Belarusian independence leader (1881–1919)

Ivan Ivanavič Luckievič (Іва́н Іва́навіч Луцке́віч; Ivanas Luckevičius; Ива́н Ива́нович Луцке́вич; 9 June 1881 – 20 August 1919) was a leading figure of the Belarusian independence movement in the early 20th century, publicist and archaeologist. He was a brother of Anton Luckievič.

== Early life ==
Luckievič was born in Šiauliai, in the Kovno Governorate of the Russian Empire (now in Lithuania) into the family of a petty nobleman who at the time worked as a railway official.

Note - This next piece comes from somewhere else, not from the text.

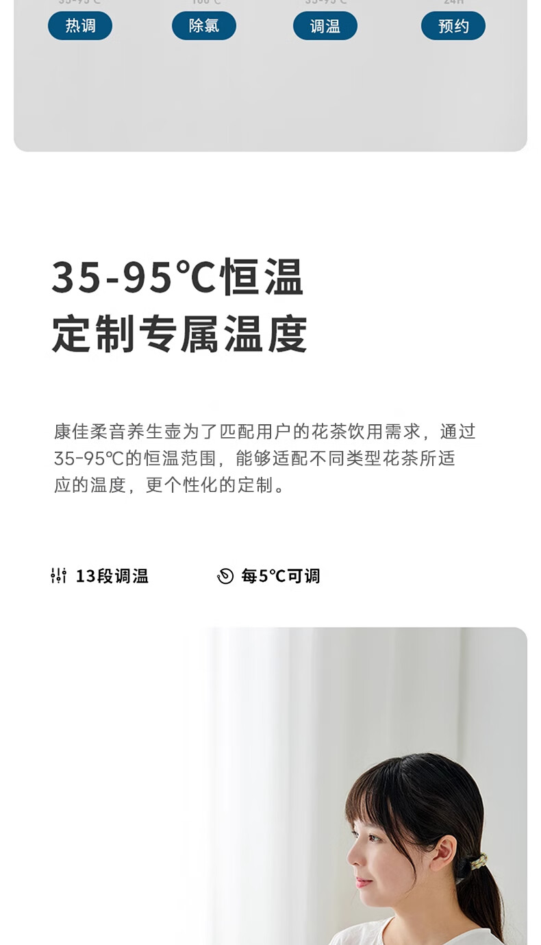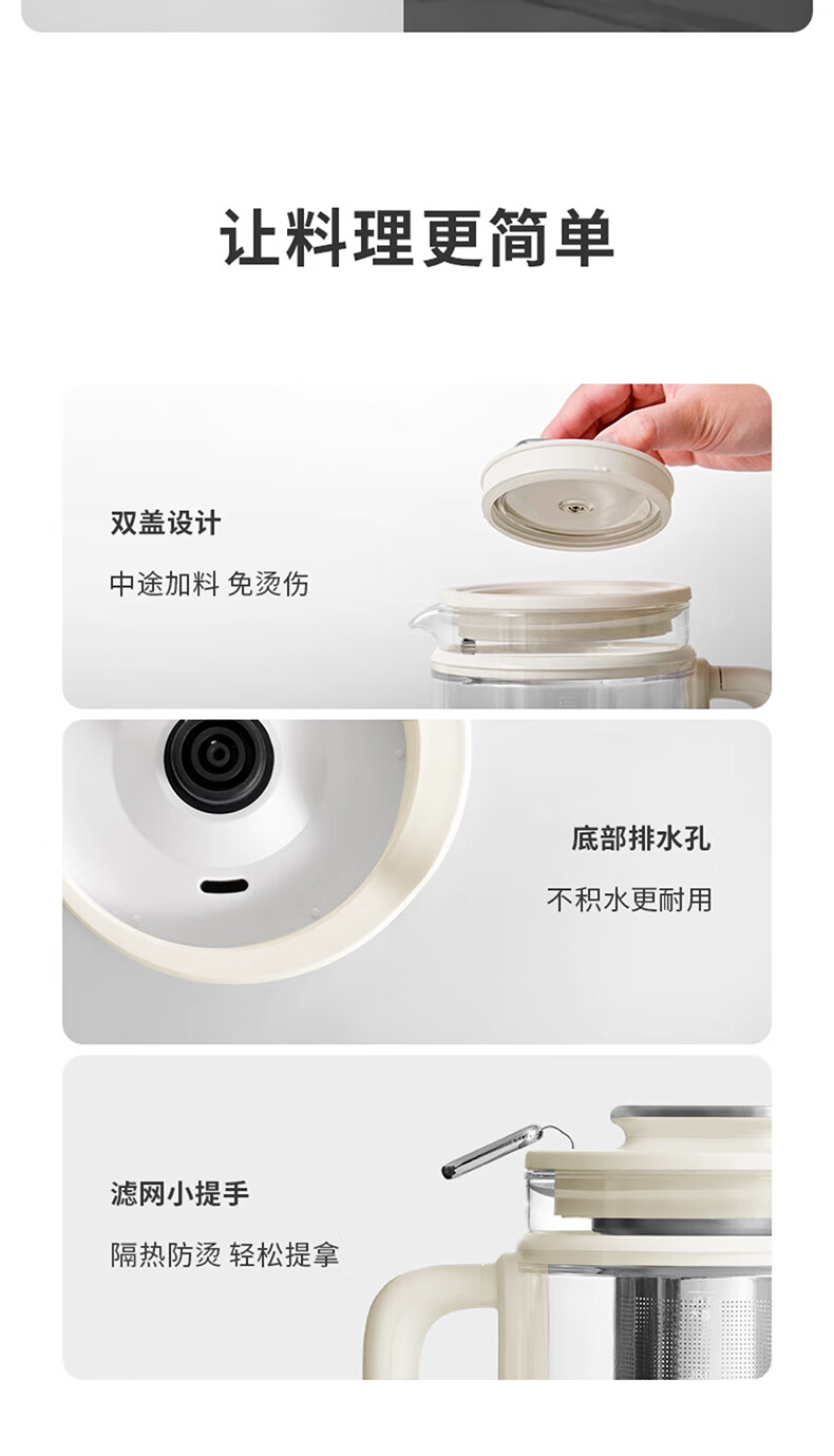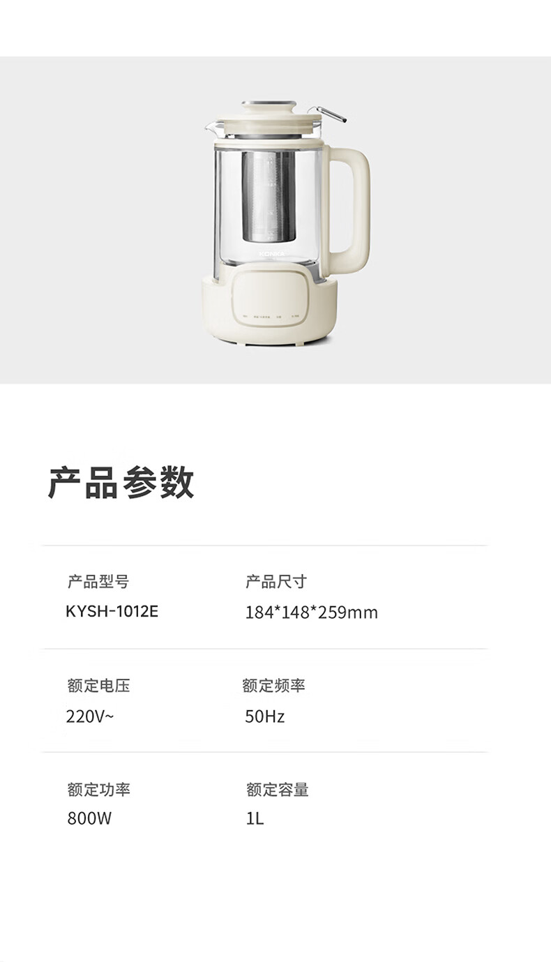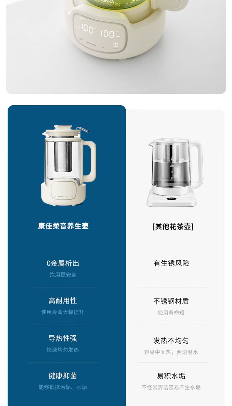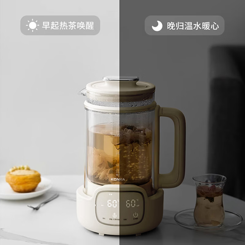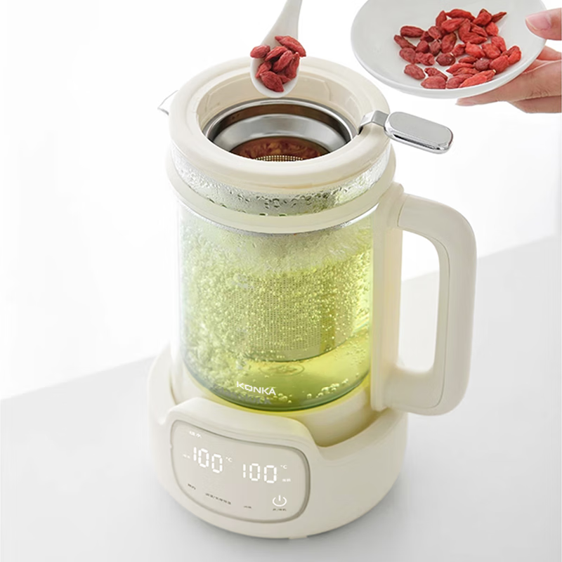 配置清单:1、DHM双层真空结构,PC+高硼硅玻璃养生壶,静音、防烫、耐摔捏捏小花挂件,精致可爱,轻松解压 2、钛金属发热盘,健康,不易生锈,没有有害物质析出 3、35-95°C恒温,72小时保温 4、双盖设计,中途加料,免烫伤 5、滤网小提手,轻松提拿

In 1890 he began his studies at the Liepāja Gymnasium followed by the Minsk Gymnasium from 1897 to 1902. This was followed by studies at the Faculty of Law of St. Petersburg University and the Moscow Archaeological Institute.

== Involvement in revolutionary activities ==
In 1903 Luckievič became one of the founders of the Belarusian Revolutionary Assembly (later the Belarusian Socialist Assembly). He was briefly imprisoned for his political activities and in 1904 moved to the Austro-Hungarian Empire to continue studies at the University of Vienna.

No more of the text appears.